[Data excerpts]
■ ■ ■ ■

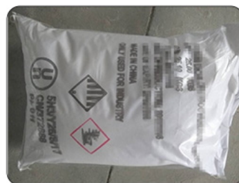
25kg Plastic Bag
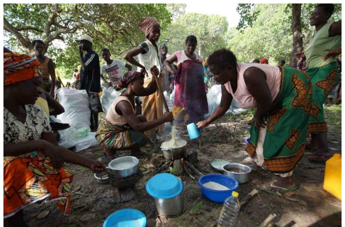
Accommodation center in Cajual, Mocuba: Women at the camp cooking.
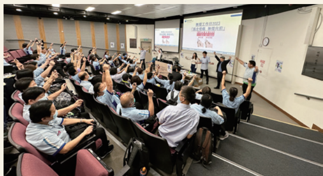
▲惠康環境服務與戒煙機構合辦無煙講座及工作坊，向員工宣揚無煙信息。 Waihong organized health talks and workshops to promote a smoke-free culture to staff.

A team was set up to conduct regular site inspections and enforce the smoke-free policy. They also visit frontline staff to understand their needs on smoking cessation, so as to formulate and provide the most suitable methods to help staff quit smoking.
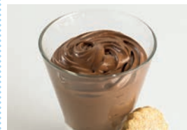
Chocolate mousse & shortbread finger
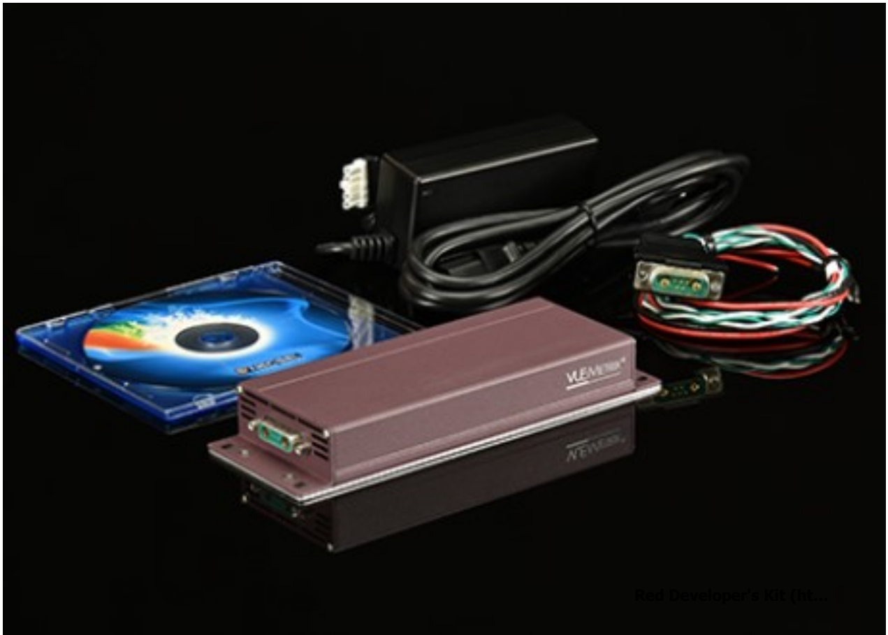
Red Developer's Kit (RL)
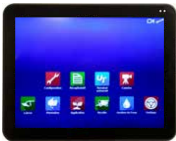
Your original monitor INCOMMAND 1200*

■ ■ ■ ■

**Work instructions:** Read the entries and pick out all lines that include the word "staff".

**Expected output:**
▲惠康環境服務與戒煙機構合辦無煙講座及工作坊，向員工宣揚無煙信息。 Waihong organized health talks and workshops to promote a smoke-free culture to staff.
A team was set up to conduct regular site inspections and enforce the smoke-free policy. They also visit frontline staff to understand their needs on smoking cessation, so as to formulate and provide the most suitable methods to help staff quit smoking.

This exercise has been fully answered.